--- DATA FOR THIS EXERCISE ---

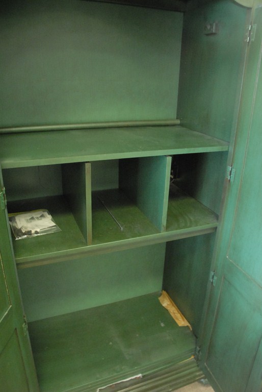 Lot 166: Green Southern Furniture Company two door armoire with several shelves on inside, ht. 82, wd. 38.
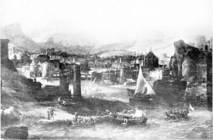 Ein Sudlicher Hafen Mit Einem Antiken Monument, Schiffen Und Vielen Figuren
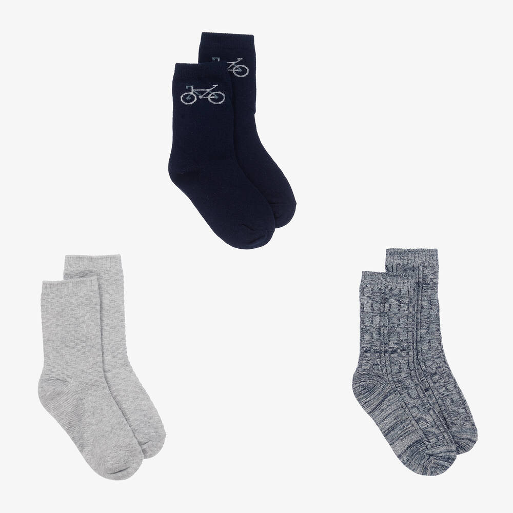 Pack of three pairs of navy blue and grey socks for boys by Spanish brand, Mayoral. Made in a soft cotton blend, two pairs have a patterned knit, whilst the navy pair has jacquard bicycles on the cuffs. These socks contain organic cotton.
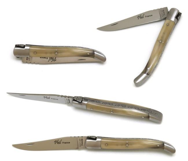 Côté fabrication : ce couteau pliant Laguiole est fabriqué par Phil, artisan coutelier de Thiers en France
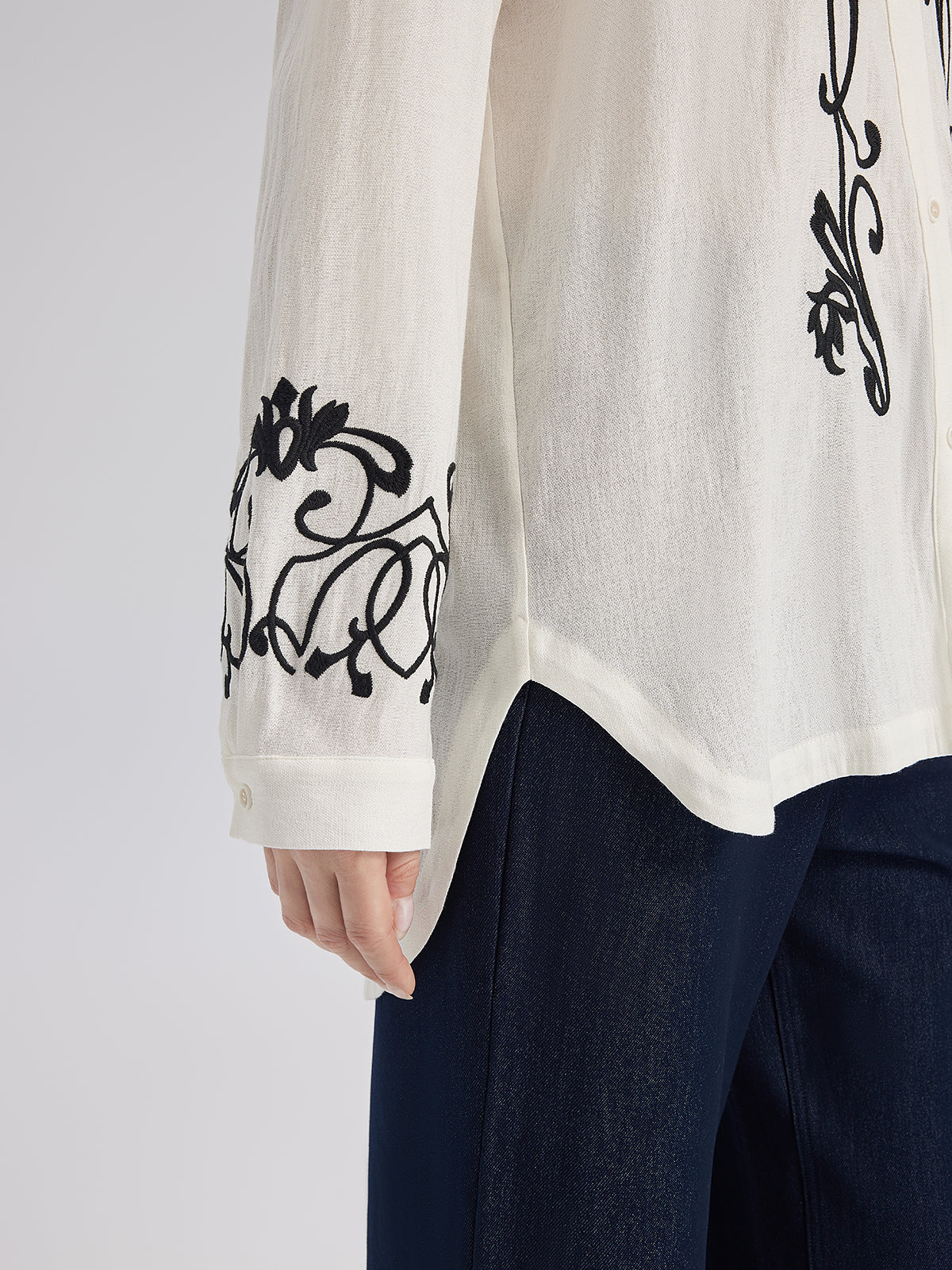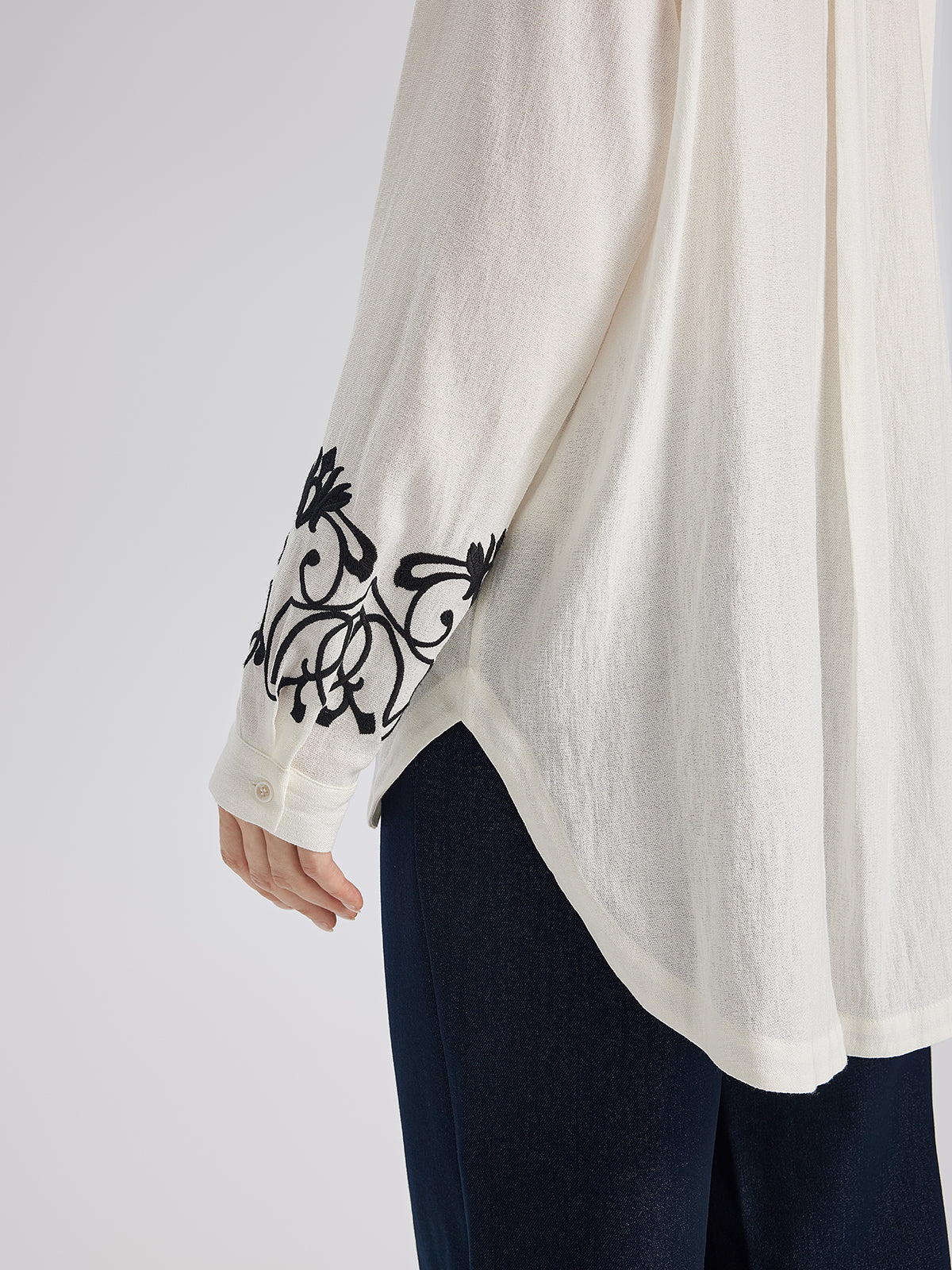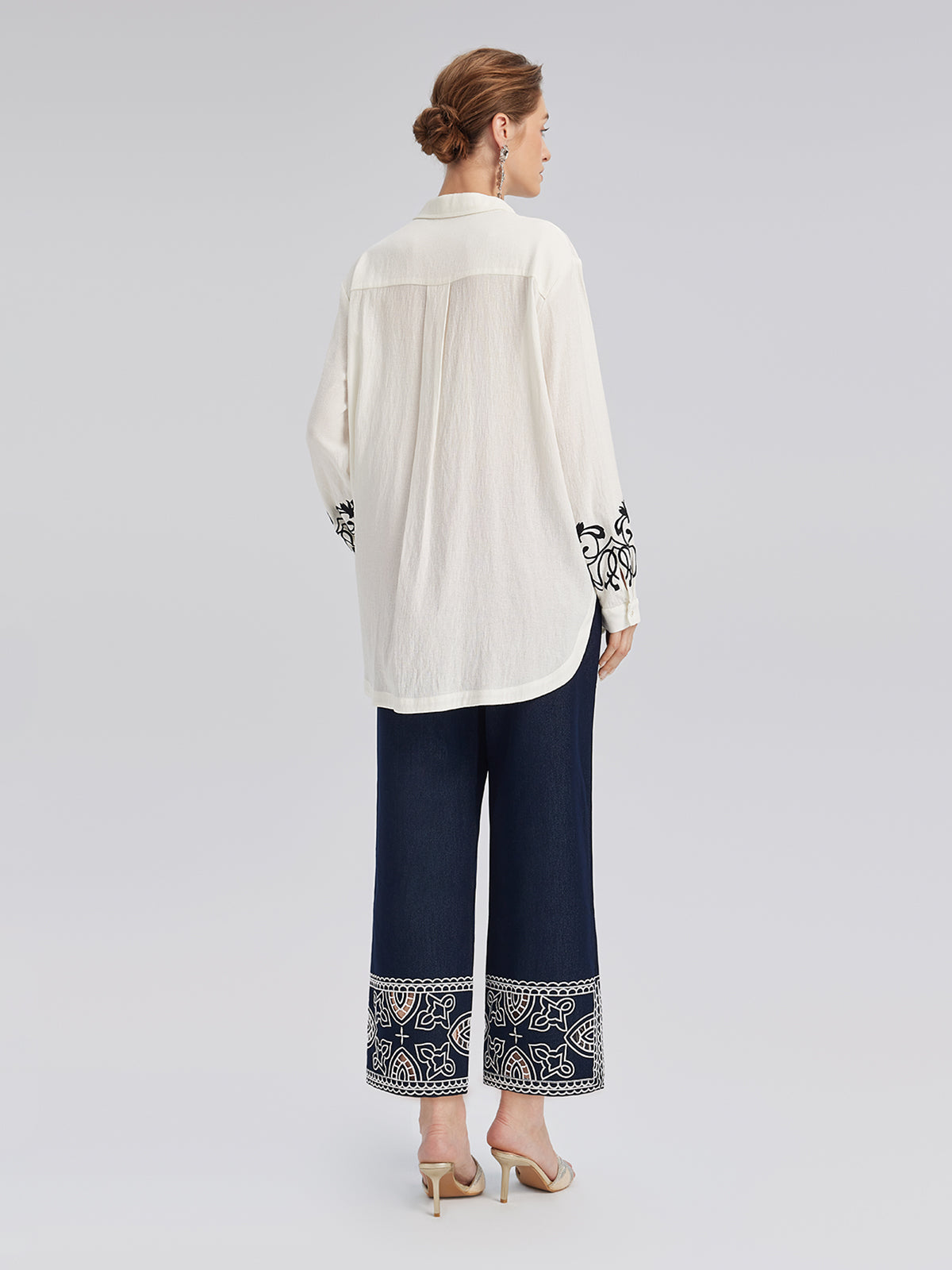 Crafted from premium linen for a soft, breathable hand, this shirt balances classic white with modern embroidery for a look that is both timeless and contemporary. Intricate embroidery highlights the collar, cuffs, and placket, creating a harmonious design with refined detail. Cut in a relaxed silhouette, it offers effortless elegance and comfort.

---

Omit all pictures and write out, exactly, only the lines from the line containing "Côté fabrication : ce" through the last line of the entries above.

- [EXPECTED OUTPUT]
 Côté fabrication : ce couteau pliant Laguiole est fabriqué par Phil, artisan coutelier de Thiers en France
 Crafted from premium linen for a soft, breathable hand, this shirt balances classic white with modern embroidery for a look that is both timeless and contemporary. Intricate embroidery highlights the collar, cuffs, and placket, creating a harmonious design with refined detail. Cut in a relaxed silhouette, it offers effortless elegance and comfort.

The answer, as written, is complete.